もちろん、頭のネジが外れてしまっていることも原因だが、ダイスケにとって苦手なタイプの女性だったからである。
「もういいから、元の世界に返してくれ」
呆れた果てに協力という選択を捨て、帰ることを決断する。
『それはよいが、まだあっちの世界でしなければならないことがあるんじゃないのか?』
「……」
――そうだ。
――俺はエルフの少女に絶対にお礼をしなければならない。
――見ず知らずの俺の命を二回も命を救ってもらっているのだ。
――仮にここで元の世界に戻っても、俺は絶対に今後後悔する。
そんな思いが、ダイスケの心を支配していた。
「……分かったよ! やればいいんだろやれば!」
まんまと乗せられたな、なんて思いつつも条件を承諾する。
長旅になるとも知らず。
『それでこそ我が相棒よ!』
変態神はニッコリ笑って頷いた。
「ところで何で俺が魔王退治に任命されたんだよ。

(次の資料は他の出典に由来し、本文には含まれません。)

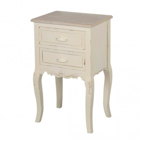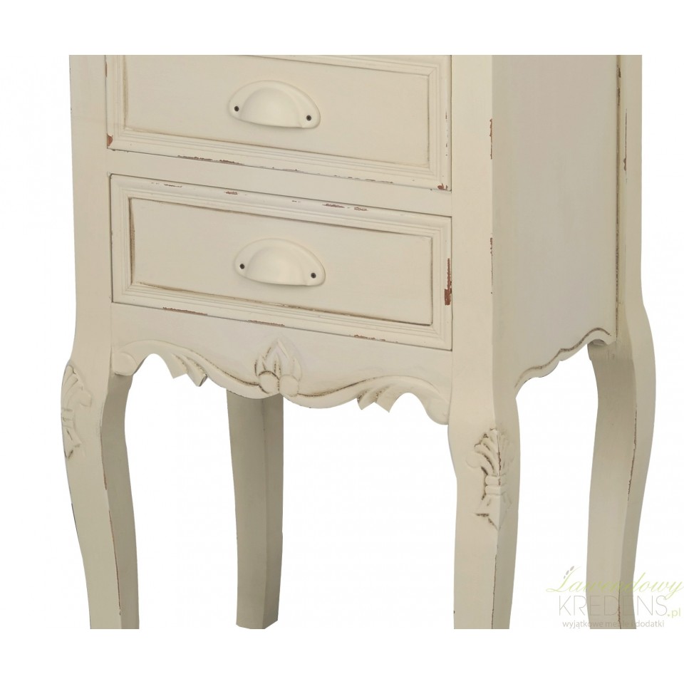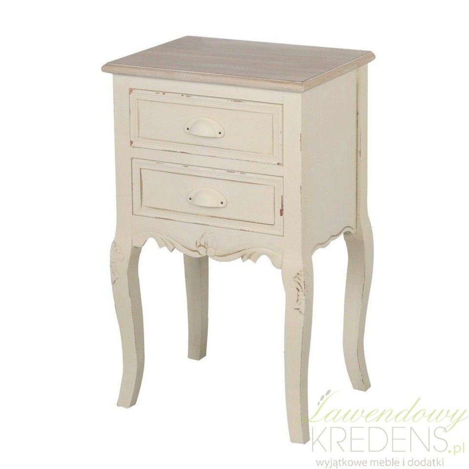 Postarzany stolik nocny we francuskim stylu o kremowym kolorze ze stylizowanymi przetarciami farby i o bielonym blacie. Stolik posiada dwie szufladki tuż pod blatem a w jego dolnej częśći znajdują się eleganckie, dekoracyjne rzeźbienia. Stolik można postawić obok łóżka w sypialni lub też obok sofy w salonie, gdzie idealnie sprawdzi się jako stolik na lampkę lub pomocnik do odstawienia kubka czy filiżanki.

百万人に一人なら世界中にうじゃうじゃいると思うんだが」
ダイスケにとって未だに残るわだかまり。
それは、なぜ非力な自分が魔王退治に任命されたのかということ。
『そ、それはあれじゃ! 主の潜在能力が高いからじゃよ!』
ゼウスは顔を赤らめて、手をあたふたさせながら必死に答えを出す。
「まじか! え、俺ってこう見えて潜在能力高いのかグヘヘヘ」
かつて中二病患者であったダイスケにとって、潜在能力が高いという言葉はたとえそれが嘘だとしても、喜ぶ言葉だった。
『……主がバカでよかった』
ホッとゼウスは胸を撫で下ろした。
「何か言ったか?」
『何も言っておらぬわ!』
変態神は顔を赤くして怒鳴る。
『さて、そろそろ夢が覚める頃合いかのう。我の力は主の左手の紋章となって表れるから忘れるでないぞ』
「え――
ゼウスの重要そうな話を聞き終わる前に夢が覚めていく。
その眠りはなぜか、意識が飛んでいくのが明瞭に分かった。